- Opening Delimiter -

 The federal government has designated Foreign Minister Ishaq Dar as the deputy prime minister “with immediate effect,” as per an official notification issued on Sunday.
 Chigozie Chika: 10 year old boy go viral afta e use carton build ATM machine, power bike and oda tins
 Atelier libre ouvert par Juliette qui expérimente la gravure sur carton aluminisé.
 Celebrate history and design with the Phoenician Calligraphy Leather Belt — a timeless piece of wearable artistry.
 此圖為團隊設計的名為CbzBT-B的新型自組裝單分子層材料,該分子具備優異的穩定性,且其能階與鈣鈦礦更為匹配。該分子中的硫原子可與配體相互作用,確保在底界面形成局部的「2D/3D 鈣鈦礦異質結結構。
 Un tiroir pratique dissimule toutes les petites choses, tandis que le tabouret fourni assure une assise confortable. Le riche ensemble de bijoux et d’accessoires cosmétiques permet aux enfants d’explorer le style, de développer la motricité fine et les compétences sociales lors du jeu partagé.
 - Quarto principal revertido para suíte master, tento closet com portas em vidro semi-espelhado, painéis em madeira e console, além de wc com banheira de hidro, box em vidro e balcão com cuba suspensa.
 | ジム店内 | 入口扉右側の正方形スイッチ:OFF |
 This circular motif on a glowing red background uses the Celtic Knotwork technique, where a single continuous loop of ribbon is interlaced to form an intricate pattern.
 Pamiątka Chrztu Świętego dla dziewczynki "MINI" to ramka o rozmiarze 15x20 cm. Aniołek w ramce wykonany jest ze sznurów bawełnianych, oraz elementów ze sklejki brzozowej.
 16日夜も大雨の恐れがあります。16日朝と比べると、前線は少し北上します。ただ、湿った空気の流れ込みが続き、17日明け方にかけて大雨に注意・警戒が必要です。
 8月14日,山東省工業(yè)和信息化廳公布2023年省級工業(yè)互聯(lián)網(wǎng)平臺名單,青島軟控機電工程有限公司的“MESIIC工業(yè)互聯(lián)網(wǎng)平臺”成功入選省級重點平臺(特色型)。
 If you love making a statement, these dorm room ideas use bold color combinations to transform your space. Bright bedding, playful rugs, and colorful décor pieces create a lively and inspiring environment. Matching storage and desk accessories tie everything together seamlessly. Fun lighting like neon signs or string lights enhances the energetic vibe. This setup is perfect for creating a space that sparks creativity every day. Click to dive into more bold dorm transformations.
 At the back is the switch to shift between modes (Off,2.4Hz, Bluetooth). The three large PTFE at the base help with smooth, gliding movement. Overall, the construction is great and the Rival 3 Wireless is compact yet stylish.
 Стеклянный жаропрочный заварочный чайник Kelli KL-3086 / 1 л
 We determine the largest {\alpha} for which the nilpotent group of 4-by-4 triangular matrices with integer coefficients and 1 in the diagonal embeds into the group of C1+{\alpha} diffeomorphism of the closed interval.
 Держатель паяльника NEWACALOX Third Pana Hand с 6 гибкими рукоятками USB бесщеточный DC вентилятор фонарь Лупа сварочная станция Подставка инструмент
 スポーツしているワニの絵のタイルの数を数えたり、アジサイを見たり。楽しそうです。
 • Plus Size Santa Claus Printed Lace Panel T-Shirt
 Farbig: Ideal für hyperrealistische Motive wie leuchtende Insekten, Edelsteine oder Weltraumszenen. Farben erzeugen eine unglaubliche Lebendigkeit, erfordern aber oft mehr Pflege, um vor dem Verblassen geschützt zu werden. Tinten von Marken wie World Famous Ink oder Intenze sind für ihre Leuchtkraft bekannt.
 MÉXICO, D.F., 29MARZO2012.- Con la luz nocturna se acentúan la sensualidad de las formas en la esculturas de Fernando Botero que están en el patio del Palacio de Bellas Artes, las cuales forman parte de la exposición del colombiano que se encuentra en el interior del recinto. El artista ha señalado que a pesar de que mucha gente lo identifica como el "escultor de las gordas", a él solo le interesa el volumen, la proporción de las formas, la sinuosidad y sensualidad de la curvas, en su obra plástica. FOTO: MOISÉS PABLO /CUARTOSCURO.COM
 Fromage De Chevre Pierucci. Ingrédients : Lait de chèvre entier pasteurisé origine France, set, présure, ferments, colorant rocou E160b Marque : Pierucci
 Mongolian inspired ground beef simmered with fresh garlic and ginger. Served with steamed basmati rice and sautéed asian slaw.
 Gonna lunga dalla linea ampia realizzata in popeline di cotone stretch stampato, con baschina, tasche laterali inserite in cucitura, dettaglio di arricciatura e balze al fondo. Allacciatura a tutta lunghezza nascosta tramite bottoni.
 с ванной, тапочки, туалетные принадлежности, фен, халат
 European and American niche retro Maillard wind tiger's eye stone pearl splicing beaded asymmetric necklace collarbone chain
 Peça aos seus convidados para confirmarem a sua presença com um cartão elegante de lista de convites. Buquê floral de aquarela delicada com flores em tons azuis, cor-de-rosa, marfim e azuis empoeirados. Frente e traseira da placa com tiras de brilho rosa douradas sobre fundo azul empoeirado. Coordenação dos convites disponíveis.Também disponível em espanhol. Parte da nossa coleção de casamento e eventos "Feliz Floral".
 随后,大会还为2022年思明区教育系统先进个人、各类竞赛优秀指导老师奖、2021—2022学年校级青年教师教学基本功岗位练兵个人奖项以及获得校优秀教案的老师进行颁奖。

- Closing Delimiter -

How to complete this task: In the entries above, some lines hold the string "carton". Copy each of them.

Solution:
 Chigozie Chika: 10 year old boy go viral afta e use carton build ATM machine, power bike and oda tins
 Atelier libre ouvert par Juliette qui expérimente la gravure sur carton aluminisé.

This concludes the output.